Notice how the model is independent of the data. This will allow us to potentially run the LeNetClassifier model on other data modules without any code change. 

Note that we are not doing the following steps
1. Moving the data to device
2. Calling loss.backward 
3. Calling optimizer.backward
4. Setting model.train() / eval()
5. Resetting the gradients
6. Implementing the trainer loop

All of these are taken care of by PyTorch Lightning, thus eliminating a lot of boiler plate code.

## Trainer

Now we are ready to train our model. This can be done using the Trainer class.

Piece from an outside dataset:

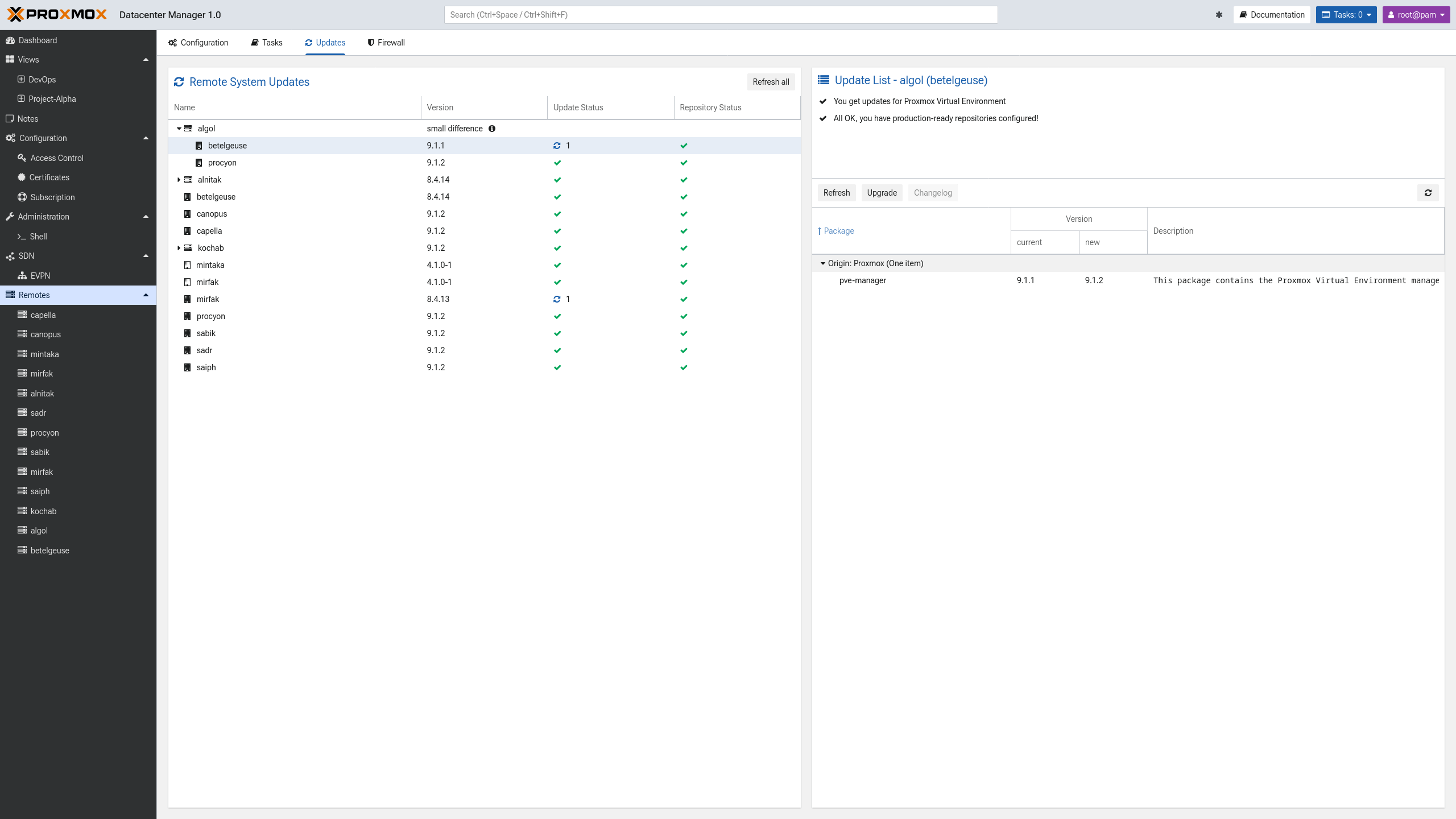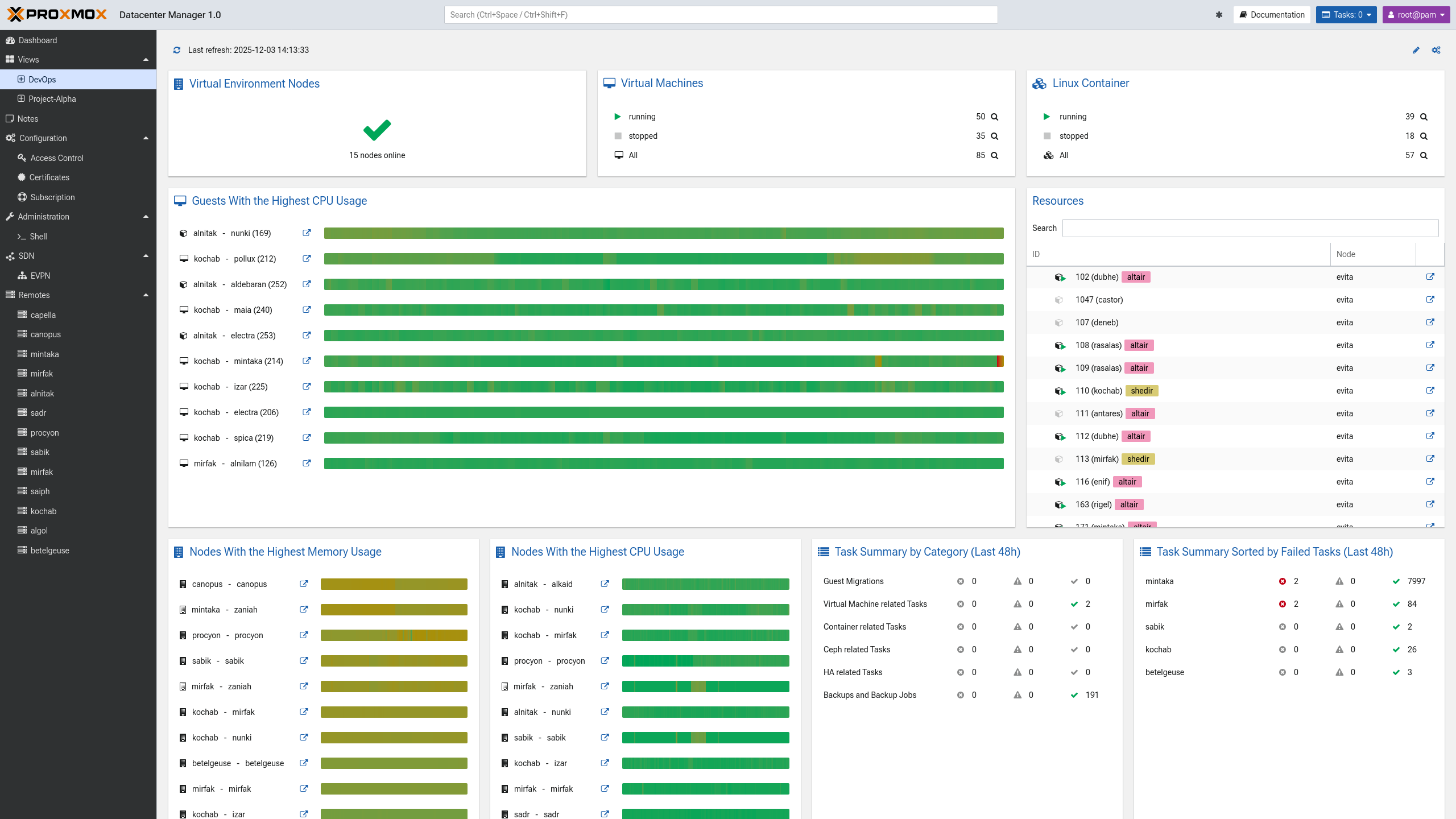 The Proxmox Datacenter Manager graphical interface can be roughly split into three different section: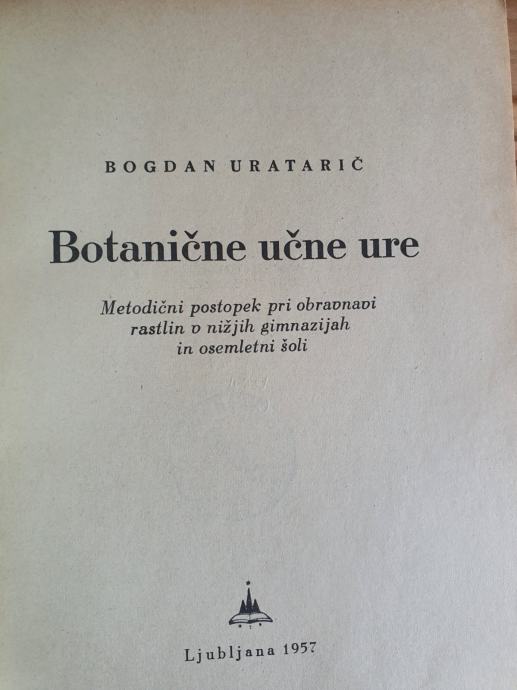 BOTANIČNE UČNE URE, BOGDAN URATARIČ, LJ, 1957, 170 STRANI.

This abstraction achieves the following:

1. You maintain control over all aspects via PyTorch code without an added abstraction.
2. The trainer uses best practices embedded by contributors and users from top AI labs such as Facebook AI Research, NYU, MIT, Stanford, etc…
3. The trainer allows overriding any key part that you don’t want automated.


In [5]:
dm = MNISTDataModule()
model = LeNetClassifier(num_classes=dm.num_classes)
exp_dir = "/tmp/mnist"
trainer = Trainer(
        default_root_dir=exp_dir, # The experiment directory
        callbacks=[model.checkpoint_callback()],
        gpus=torch.cuda.device_count(), # Number of GPUs to run on
        max_epochs=10,
        num_sanity_val_steps=0
    )

GPU available: False, used: False
TPU available: False, using: 0 TPU cores
IPU available: False, using: 0 IPUs


In [6]:
trainer.fit(model, dm)


  | Name      | Type             | Params
-----------------------------------------------
0 | conv1     | Sequential       | 156   
1 | conv2     | Sequential       | 2.4 K 
2 | conv3     | Sequential       | 48.1 K
3 | fc1       | Sequential       | 10.2 K
4 | fc2       | Linear           | 850   
5 | criterion | CrossEntropyLoss | 0     
6 | accuracy  | Accuracy         | 0     
-----------------------------------------------
61.7 K    Trainable params
0         Non-trainable params
61.7 K    Total params
0.247     Total estimated model params size (MB)
  rank_zero_warn(
  rank_zero_warn(


Training: 0it [00:00, ?it/s]

Validating: 0it [00:00, ?it/s]

Epoch 0, Val loss: 0.24, Accuracy: 0.93


Validating: 0it [00:00, ?it/s]

Epoch 1, Val loss: 0.14, Accuracy: 0.96


Validating: 0it [00:00, ?it/s]

Epoch 2, Val loss: 0.10, Accuracy: 0.97


Validating: 0it [00:00, ?it/s]

Epoch 3, Val loss: 0.08, Accuracy: 0.98


Validating: 0it [00:00, ?it/s]

Epoch 4, Val loss: 0.07, Accuracy: 0.98


Validating: 0it [00:00, ?it/s]

Epoch 5, Val loss: 0.06, Accuracy: 0.98


Validating: 0it [00:00, ?it/s]

Epoch 6, Val loss: 0.06, Accuracy: 0.98


Validating: 0it [00:00, ?it/s]

Epoch 7, Val loss: 0.06, Accuracy: 0.98


Validating: 0it [00:00, ?it/s]

Epoch 8, Val loss: 0.05, Accuracy: 0.98


Validating: 0it [00:00, ?it/s]

Epoch 9, Val loss: 0.05, Accuracy: 0.99


Note that we did not to write the trainer loop either. We just need to call trainer.fit to train the model. 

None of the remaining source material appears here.